An older, wiser friend told me recently that I didn't need to read the bible or pray for wisdom. I have teenagers and they know everything. Of course he was joking. However, this week has been one of those weeks where I don't know if I need more wisdom or less teenagers.
It's Spring Break. The teenagers are in and out of the house depending on working and friend activities. However, when they are here they bring lots of friends with them. It seems they travel in packs. Feeding them is not cheap. While home, it seems like constant grazing plus meals is their goal. And sometimes, like earlier this evening, some of their know-it-all wisdom comes forth in all its glory to make a mom just feel like crying out in frustration.
It's been one of THOSE weeks. I have had to deal with contractors and insurance adjusters to get the damage to our roof fixed caused by the last ice storm and more recent wind and rain. They were more polite than the teenagers. There's been studying. There's been homeschooling. There's been the never ending battle with housework which only increases with children home all day. There's been the complaining nine year old who doesn't think it is fair that she has to do homeschooling when her sisters are all on Break. No matter how much I try to explain to her that she will get a break in a couple weeks, she wants two breaks.
The last think I needed was a teenager copping an attitude. However, it happened and I am left BEGGING God to help me control my frustration and not give into the desire to run away for awhile. It would be nice to just get away for a day.
God's mercies are new every morning. I am praying that tomorrow goes better and is blessed by God. I have to get up early to make yet another trip to the eye doctor (who is an hour away)for the teen that felt her attitude was justifiable. I gave the nine year old the day off school and let her spend the night with a friend. I am hoping, while it isn't a week, that a day will give us both a small break.

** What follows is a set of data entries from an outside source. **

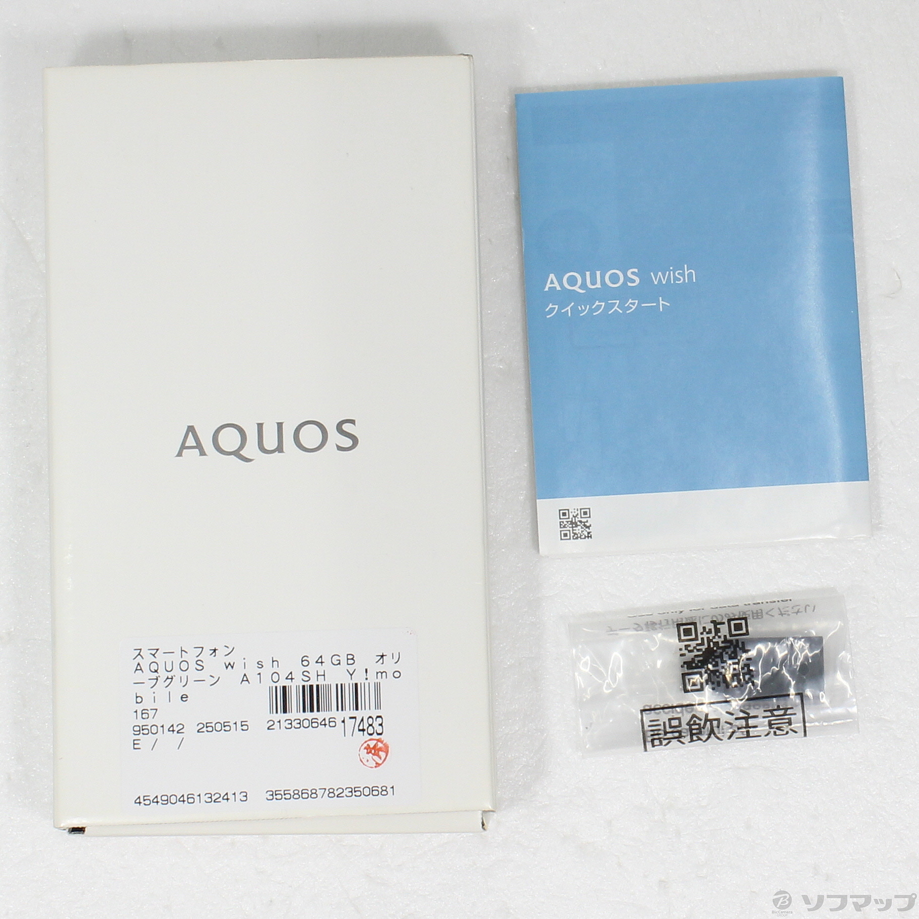 〔中古品〕 AQUOS wish 64GB オリーブグリーン A104SH Y!mobile SIMフリー [5.7インチ液晶/Snapdragon 480 5G]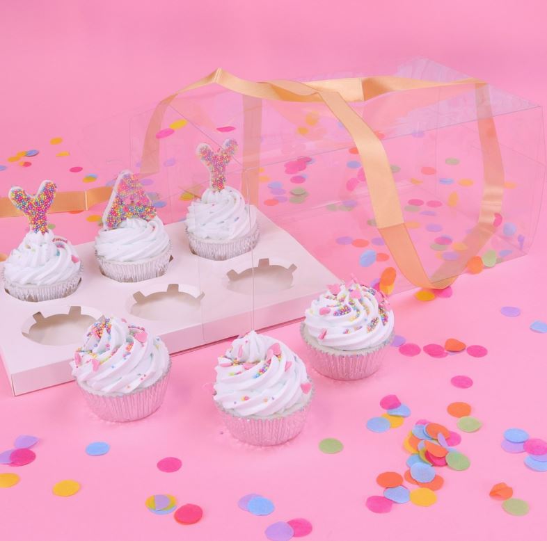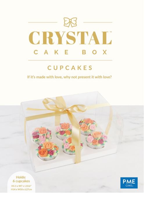 Diese schönen transparenten Cupcake-Boxen von PME sind die perfekte Art, Ihre Cupcakes zu präsentieren. Es handelt sich um eine kristallklare Cupcake-Box aus PET-Kunststoff für Rundumsicht. Die Boxen sind einzeln mit einer stabilen Einlage und goldenem Satinband verpackt. Die Box kann bei normalem Gebrauch immer wieder verwendet werden. Maße der T-Box: 14 x 18 x 27 cm. Geeignet für 6 Cupcakes.
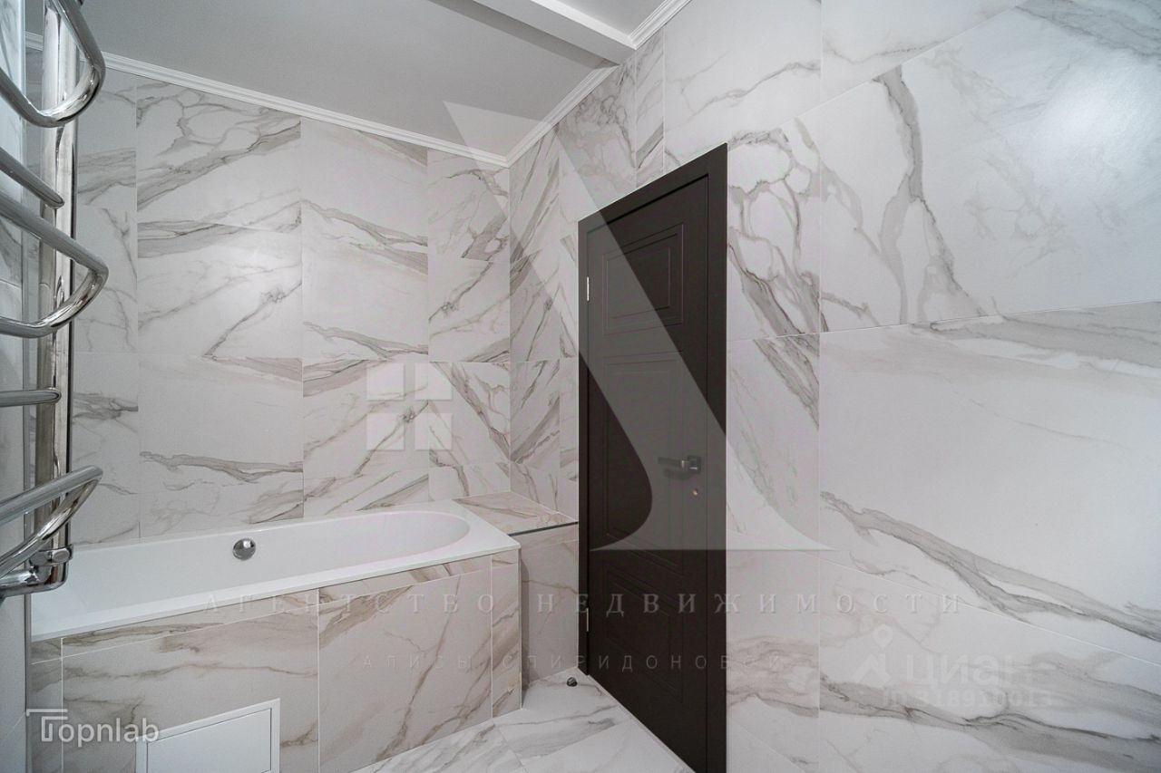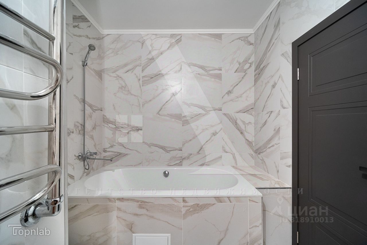 На полу уложен немецкий ламинат, в санузле широкоформатная итальянская плитка. Разведена электрика для разных сценариев освещения. Санузел совместный.

Now that I've whined my way through a post, I think I'll get out my Bible. I tell myself that, "This too shall pass."
God has blessed me today despite my silly trials. My husband and I became an Uncle and Aunt again today. My brother -in-law and his wife had a baby boy this morning. I saw him and he is gorgeous and healthy and perfect. It makes me give thanks that no matter what is thrown in my way to try to get me down, God still has wonderful gifts for us.